This is Scientific American's 60-Second Space. I'm John Matson. Got a minute?
The Russian city of Chelyabinsk had a rude awakening early on February 15th when a meteor exploded overhead.
The blast wave shattered windows and injured an estimated 1,000 people.
Based on preliminary evidence from infrasound stations built to monitor nuclear tests, this looks to be an historic event.
"We know that the energy of the explosion was about 300 kilotons of TNT equivalent."
Margaret Campbell-Brown, a professor who studies meteoroids at the University of Western Ontario.
"So it was a very, very powerful explosion.
It was the biggest explosion from a meteor that we've seen in the atmosphere since 1908, since the 1908 Tunguska impact."
The cause appears to be an asteroid, which Campbell-Brown estimates was 15 meters across.

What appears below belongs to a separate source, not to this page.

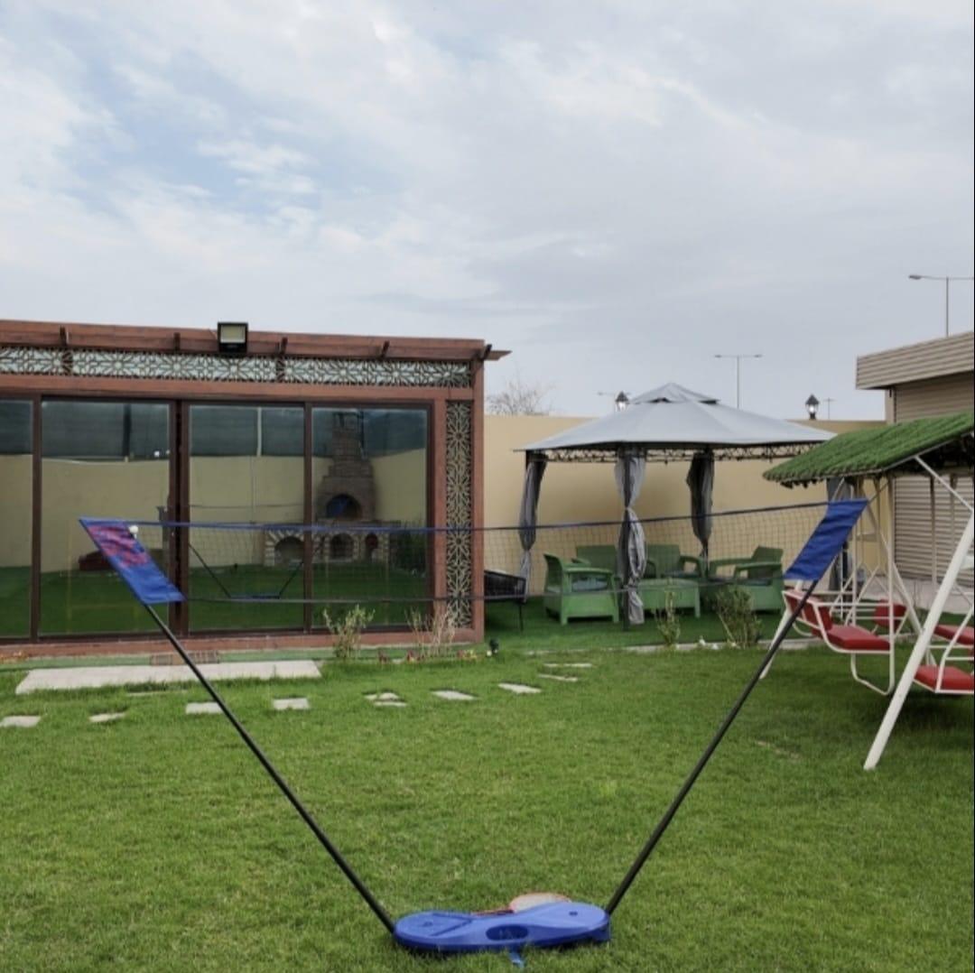 استراحة من طابق واحد + طابق أرضي تتكون من 4 غرف نوم، 2 منهم غرفة نوم رئيسية وحوض سباحة داخلي ومنطقة لعب أطفال خارجية تقع في منطقة الصخامة، حيث يتم ضمان الخصوصية.
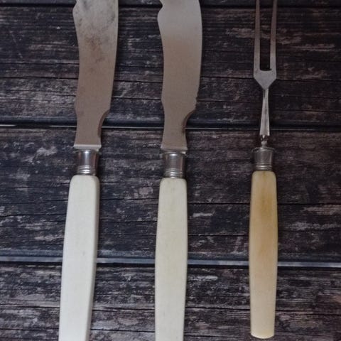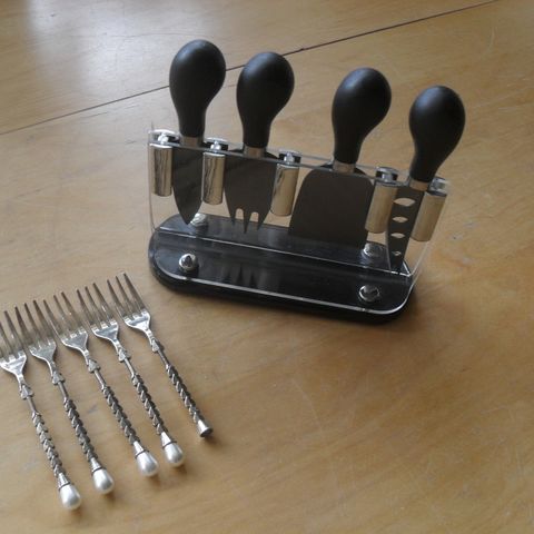 Bestik, Osteknive/ frugtknive, Solingen, 6 små, antikke knive til ost eller dessert. Knivene er i rustfrit stål og skafterne er i bakelit.

Objects of that size are expected to hit Earth only once every half-century or so.
And impacts over cities of more than one million people such as Chelyabinsk are rarer still.
"When you consider all the areas of the Earth that are uninhabited--the oceans, the ice caps, the deserts and so on,
it's very surprising that this happened over such a populated area. Very unlucky."
Thanks for the minute, for Scientific American's 60-Second Space. I'm John Matson.